Items listed in a dataset:
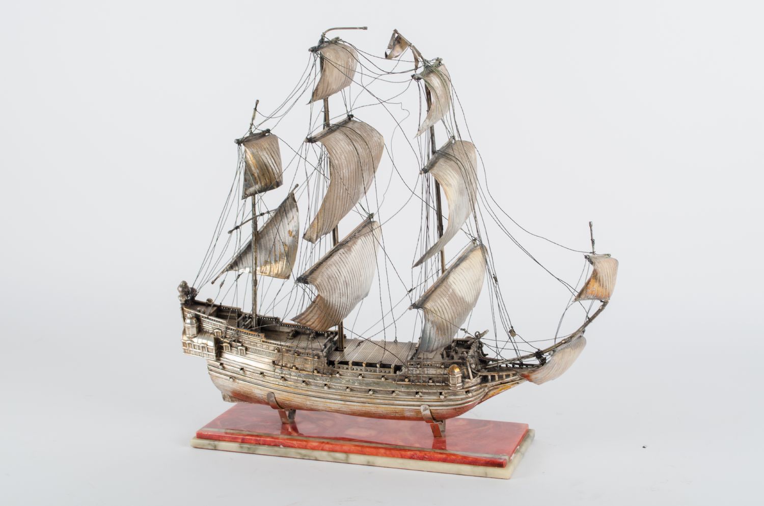 VELIERO in sfoglia d'argento con base in onice (usure). XX secolo Misure: cm 43 x 20 x h 43
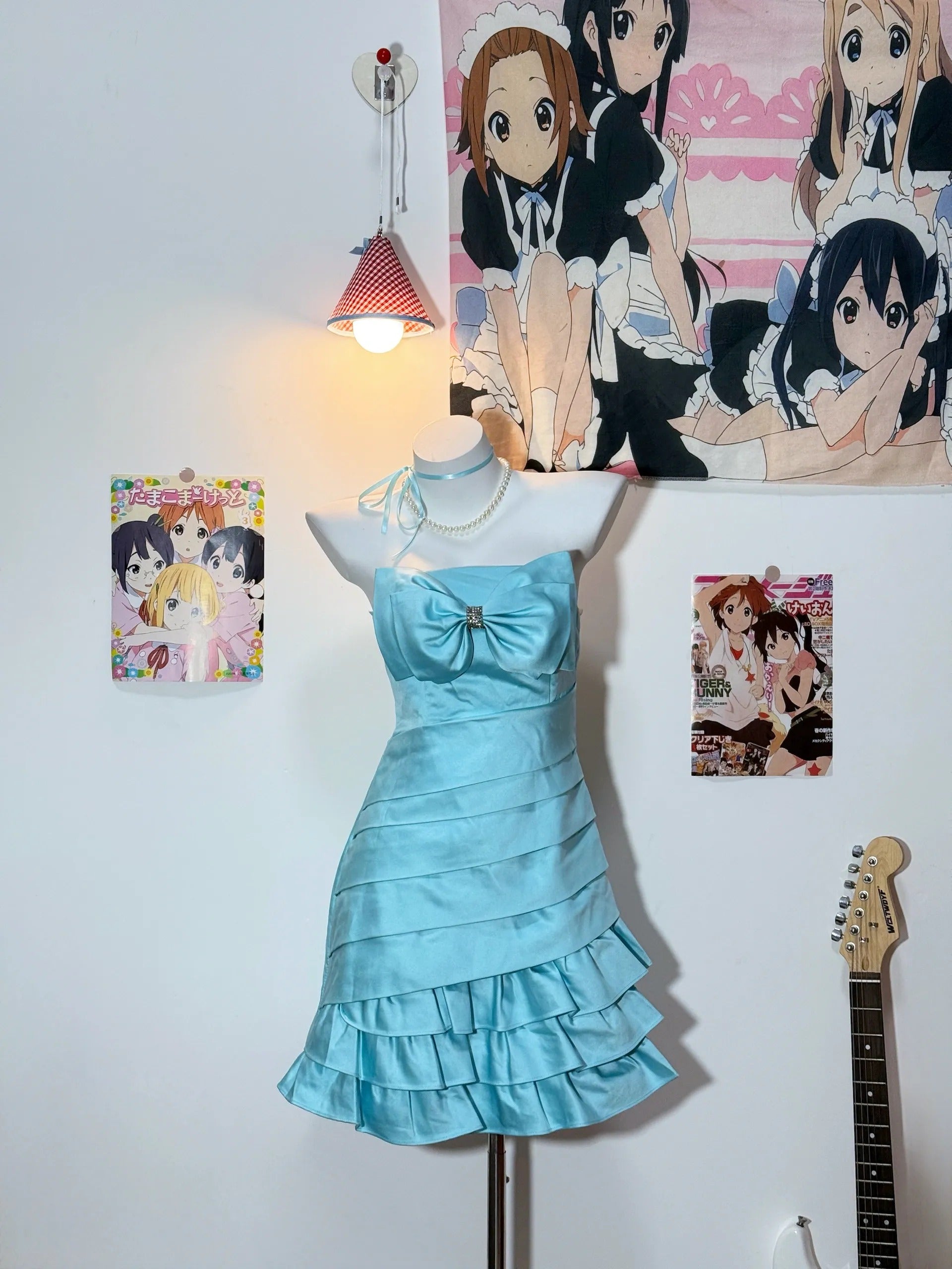 Vintage Sheath Strapless Formal Dress Blue Satin Short Birthday Dress Homecoming Dresses ED04096
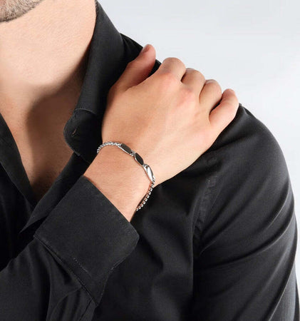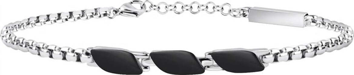 Bracciale MASERATI da uomo collezione 'Signature' realizzato in acciaio con inserto in acciaio nero. Lunghezza regolabile 19/22 cm
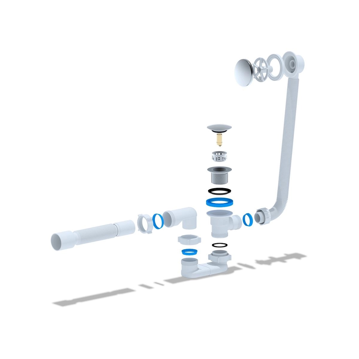 Обвязка для ванны АНИ с выпуском 1 1/2"*40 клик-клак, плоский сифон, с гибкой трубой 375*40/50, (грибок-сетка) АНИ пласт (EC055GS)
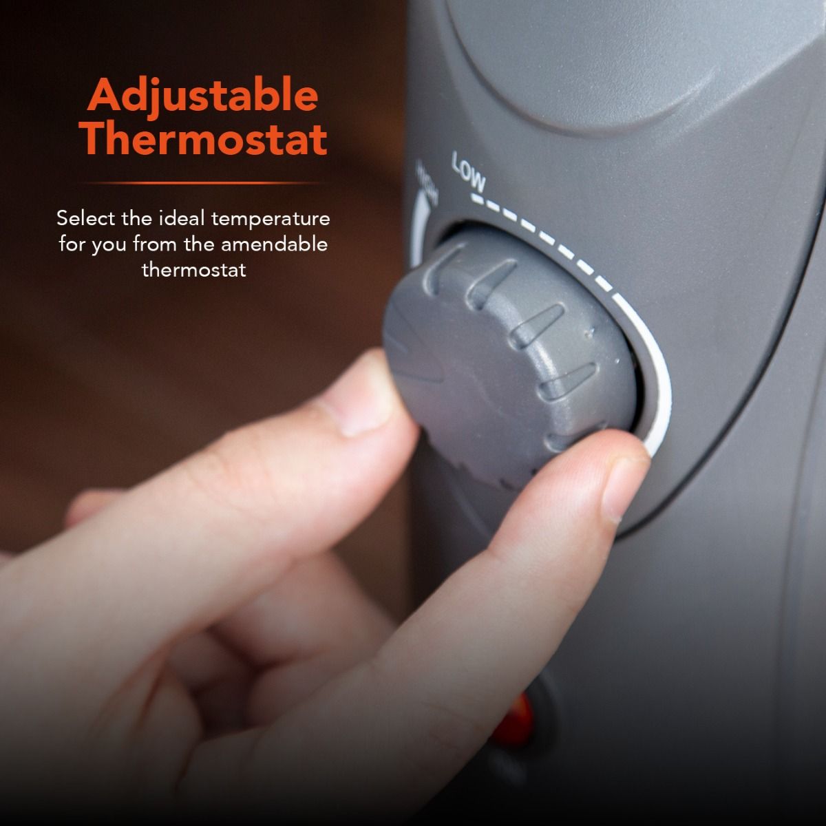 Make your home cosy with warmth using Warmlite's efficient and stylish oil filled radiator. With 5 heated fins and 650W of power, this easy-to-use small radiator has a mighty performance to rapidly heat up rooms of your choosing ready for winter days. The adjustable thermostat with a maximum temperature of 105C makes finding the perfect temperature simply creating a comfortable setting in your home or office. Never forget to turn the radiator off, as when the unit is in operation, it will notify you with the LED power indicator light. Featuring safety functions, it comes with built-in overheat protection, preventing the oil from becoming too hot making it safe to use around pets and children. The tip-over switch automatically shuts the unit off if accidentally knocked over. An integrated handle allows you to move the portable and lightweight radiator to whichever room you need it.
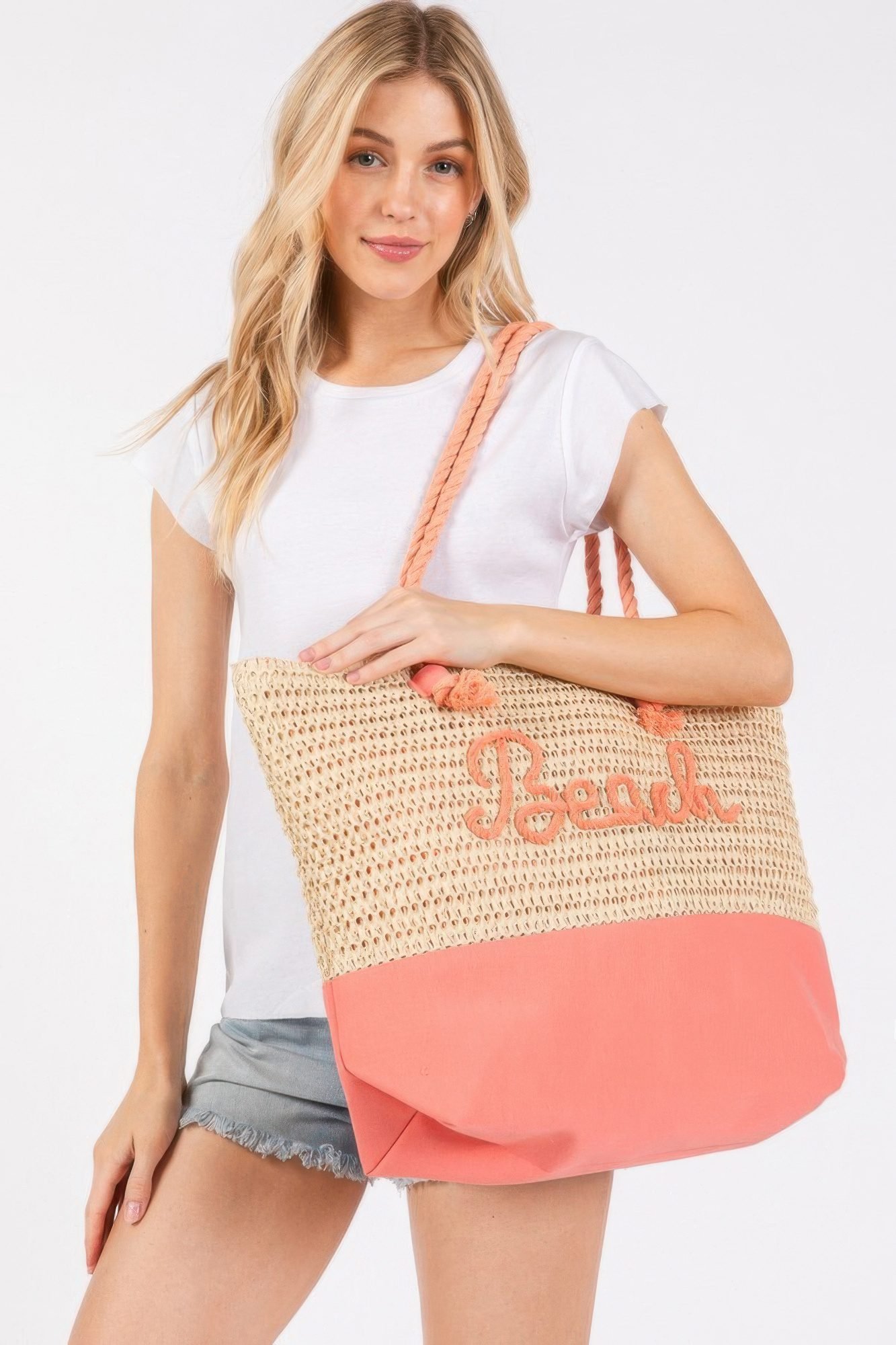 Elevate your beach style with our Color Sewn Rope Beach Letter And Strap Crochet Fabric Tote Bag. Designed for both style and practicality, this spacious tote features vibrant beach-inspired letters and a durable crochet fabric, making it the perfect companion for your summer adventures. Key Features: Fabric: Made from a blend of 70% paper and 30% polyester, this tote features a crochet fabric construction for a unique texture, with sewn rope handles that add a touch of elegance and sturdiness. The “Beach” letter design makes a fun and bold statement, while the spacious interior keeps all your items organized. Fit: With its large size, this tote is perfect for carrying all your beach essentials, including towels, sunscreen, snacks, and more. Color Options: Available in a range of lively colors, including Blue, Coral, Green, Hot Pink, Navy, Orange, and Yellow-each offering a vibrant look that brings a sunny vibe to any outfit. Sizes: Dimensions are 20.5″X15″X5.5″, providing ample space for everything you need, while remaining comfortable to carry. Design: The “Beach” lettering paired with crochet fabric and sewn rope handles creates a stylish, beachy vibe that’s perfect for warm-weather outings. Versatile Styling: Ideal for beach days, poolside lounging, shopping, or as a fun statement bag for everyday summer wear. Product Details: Comfortable All-Day Wear: Lightweight and easy to carry, this tote ensures comfort even during long summer days. Quality Craftsmanship: Crafted with a focus on durability, this bag is built to withstand summer adventures, from beach days to picnics. Why Choose Color Sewn Rope Beach Letter And Strap Crochet Fabric Tote Bag This tote combines playful design with practical functionality. Whether you’re spending the day at the beach, running errands, or enjoying a weekend getaway, this bag offers ample space and a stylish look. Ideal Occasions: Perfect for beach outings, pool days, casual summer outings, or even as a daily carry-all. It’s versatile enough to complement any laid-back summer look.
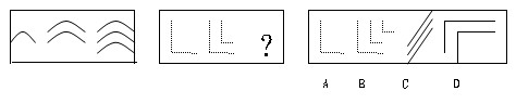 解答:正確答案為B。因?yàn)橹挥蠦能使兩套圖形具有相似性,僅僅元素不同,一個(gè)是實(shí)的曲線,一個(gè)是虛的直線,但兩組圖形中元素的排列規(guī)律完全相同。
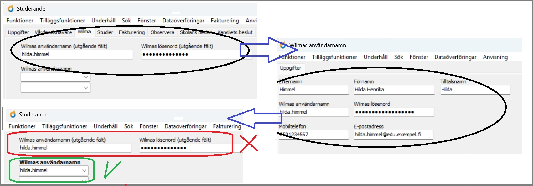 I fortsättningen går det inte längre att logga in i Wilma med elevens användarnamn av gammal typ (röda X-området på bilden). Personens aktiva Wilma-konto är istället det i fältet Wilmas användarnamn (markerat i grönt på bilden). Vid konverteringen kopieras användarnamn och lösenord exakt som de är, så ur Wilma-användarens perspektiv ändras inloggningsförfarandet inte.
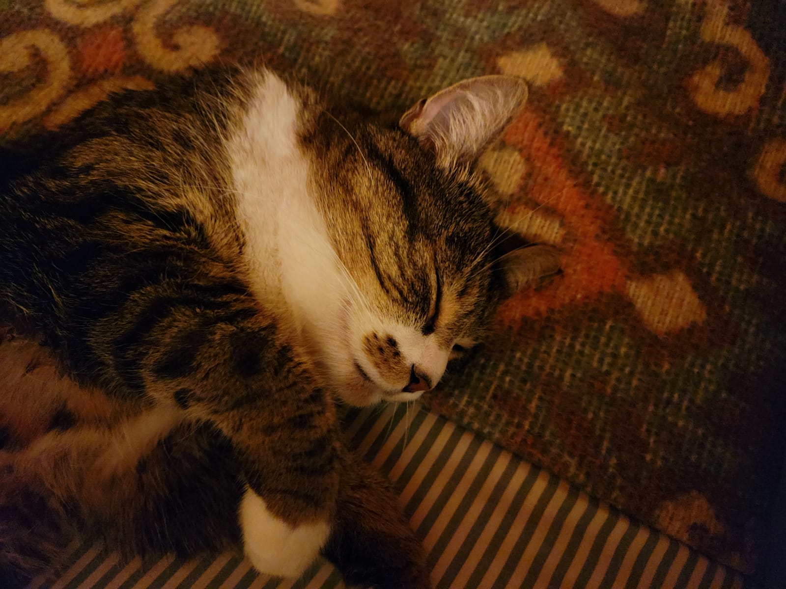 Caractéristiques physiques : jolie robe tigrée et blanche. Testée FeLV/FIV négatif, vaccinée, stérilisée et identifiée par une puce électronique.
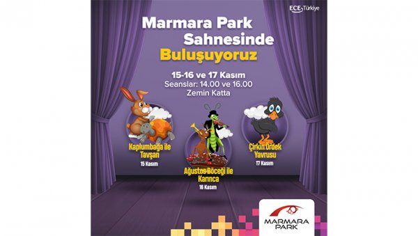 15-16 ve 17 Kasım günlerinde Marmara Park zemin kat etkinlik alanında gerçekleşecek çocuk tiyatrolarını tüm çocuklar ücretsiz olarak izleyebilecek. 15 Kasım Pazartesi günü Kaplumbağa ile Tavşan, 16 Kasım Salı günü Ağustos Böceği ile Karınca, 17 Kasım Çarşamba günü Çirkin Ördek Yavrusu adlı çocuk oyunları, 14.00 ve 16.00 saatlerinde iki seans şeklinde sergilenecek.
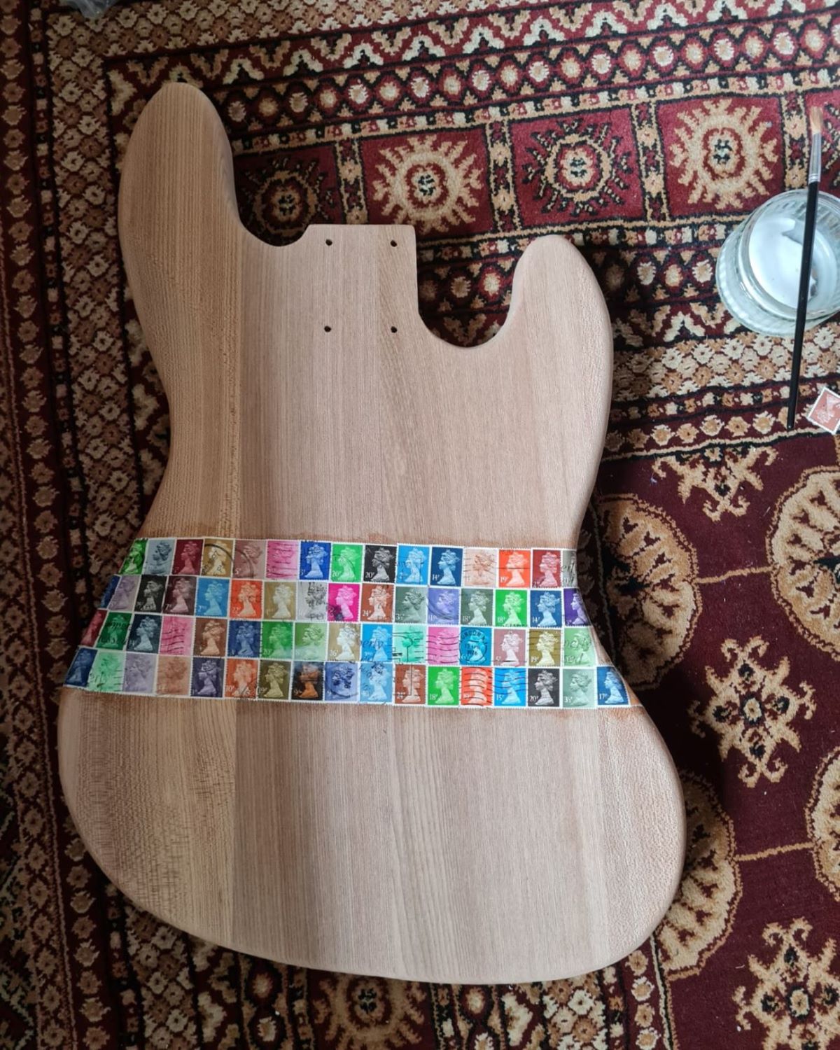 Over 700 stamps individually glued on with pva glue then a thin layer of epoxy resin over the top.

**WHAT YOU ARE ASKED TO DO**:
Above are the records; please give again, exactly and in full, only the lines that run from the line with "I fortsättningen går" through the line with "Caractéristiques physiques : jolie", with no pictures.

**ANSWER BELOW**:
 I fortsättningen går det inte längre att logga in i Wilma med elevens användarnamn av gammal typ (röda X-området på bilden). Personens aktiva Wilma-konto är istället det i fältet Wilmas användarnamn (markerat i grönt på bilden). Vid konverteringen kopieras användarnamn och lösenord exakt som de är, så ur Wilma-användarens perspektiv ändras inloggningsförfarandet inte.
 Caractéristiques physiques : jolie robe tigrée et blanche. Testée FeLV/FIV négatif, vaccinée, stérilisée et identifiée par une puce électronique.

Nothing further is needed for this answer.